# Try it
When the line with "3 e prix : Floriane Laboutique (53)" turns up below, begin repeating exactly, and carry on through the line with "Кількість постраждалих внаслідок ракетного удару по"; no pictures go into the copy.

Supplied entries Block Start

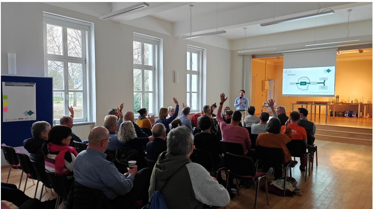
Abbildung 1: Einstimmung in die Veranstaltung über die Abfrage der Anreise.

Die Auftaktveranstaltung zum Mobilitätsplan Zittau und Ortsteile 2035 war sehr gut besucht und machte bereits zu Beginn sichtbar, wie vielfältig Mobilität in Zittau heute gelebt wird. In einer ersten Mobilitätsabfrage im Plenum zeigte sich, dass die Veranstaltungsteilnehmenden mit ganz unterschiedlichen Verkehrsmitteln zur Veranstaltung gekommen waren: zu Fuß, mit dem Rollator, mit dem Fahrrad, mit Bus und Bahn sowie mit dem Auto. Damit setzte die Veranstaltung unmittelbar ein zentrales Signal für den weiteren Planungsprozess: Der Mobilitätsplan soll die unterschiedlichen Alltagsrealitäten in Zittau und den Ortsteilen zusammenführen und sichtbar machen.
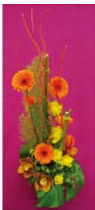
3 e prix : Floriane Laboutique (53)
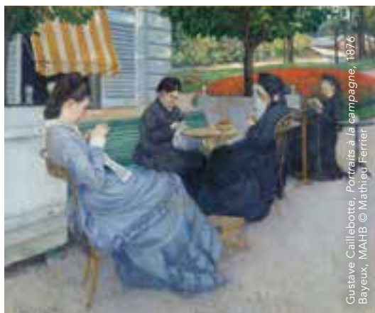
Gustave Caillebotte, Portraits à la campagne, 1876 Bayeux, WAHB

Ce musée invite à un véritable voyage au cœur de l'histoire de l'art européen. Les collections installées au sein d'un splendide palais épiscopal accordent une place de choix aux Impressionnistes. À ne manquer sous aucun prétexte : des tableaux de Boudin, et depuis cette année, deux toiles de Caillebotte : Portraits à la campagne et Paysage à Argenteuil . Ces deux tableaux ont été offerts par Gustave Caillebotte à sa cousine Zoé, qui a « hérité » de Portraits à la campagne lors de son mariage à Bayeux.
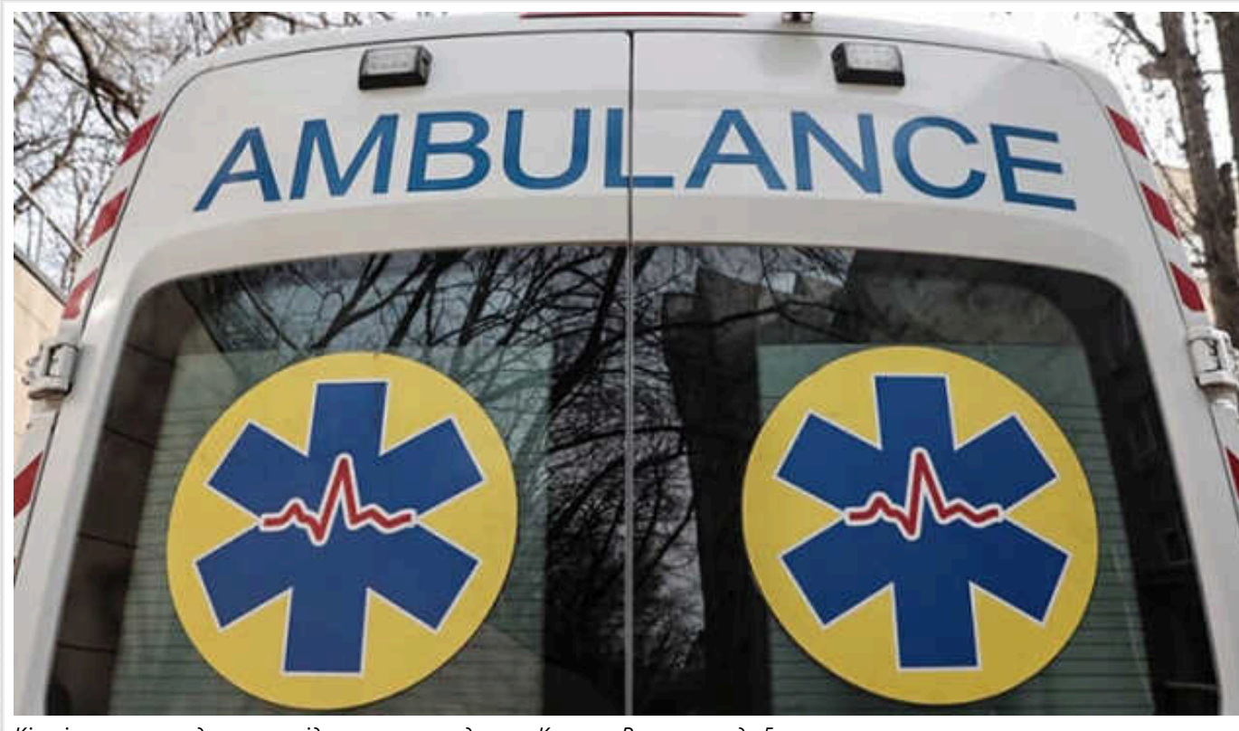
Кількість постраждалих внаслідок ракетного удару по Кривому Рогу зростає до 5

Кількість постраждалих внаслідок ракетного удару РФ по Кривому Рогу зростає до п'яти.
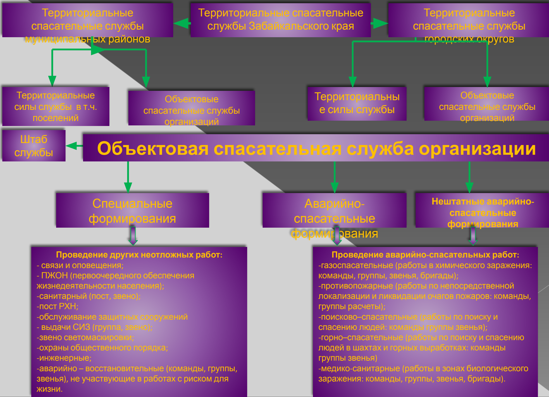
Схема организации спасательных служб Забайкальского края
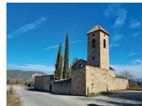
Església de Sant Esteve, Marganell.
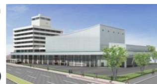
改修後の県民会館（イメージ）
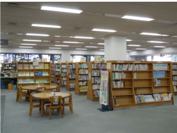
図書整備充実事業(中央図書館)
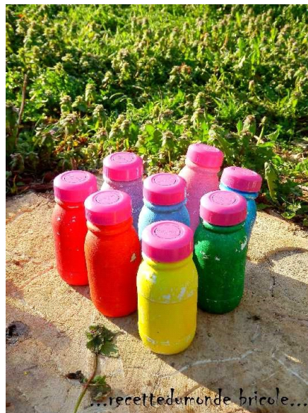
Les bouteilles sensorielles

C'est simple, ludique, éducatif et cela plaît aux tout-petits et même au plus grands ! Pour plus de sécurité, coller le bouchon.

Supplied entries Block End

# Answer space
3 e prix : Floriane Laboutique (53)
Gustave Caillebotte, Portraits à la campagne, 1876 Bayeux, WAHB

Ce musée invite à un véritable voyage au cœur de l'histoire de l'art européen. Les collections installées au sein d'un splendide palais épiscopal accordent une place de choix aux Impressionnistes. À ne manquer sous aucun prétexte : des tableaux de Boudin, et depuis cette année, deux toiles de Caillebotte : Portraits à la campagne et Paysage à Argenteuil . Ces deux tableaux ont été offerts par Gustave Caillebotte à sa cousine Zoé, qui a « hérité » de Portraits à la campagne lors de son mariage à Bayeux.
Кількість постраждалих внаслідок ракетного удару по Кривому Рогу зростає до 5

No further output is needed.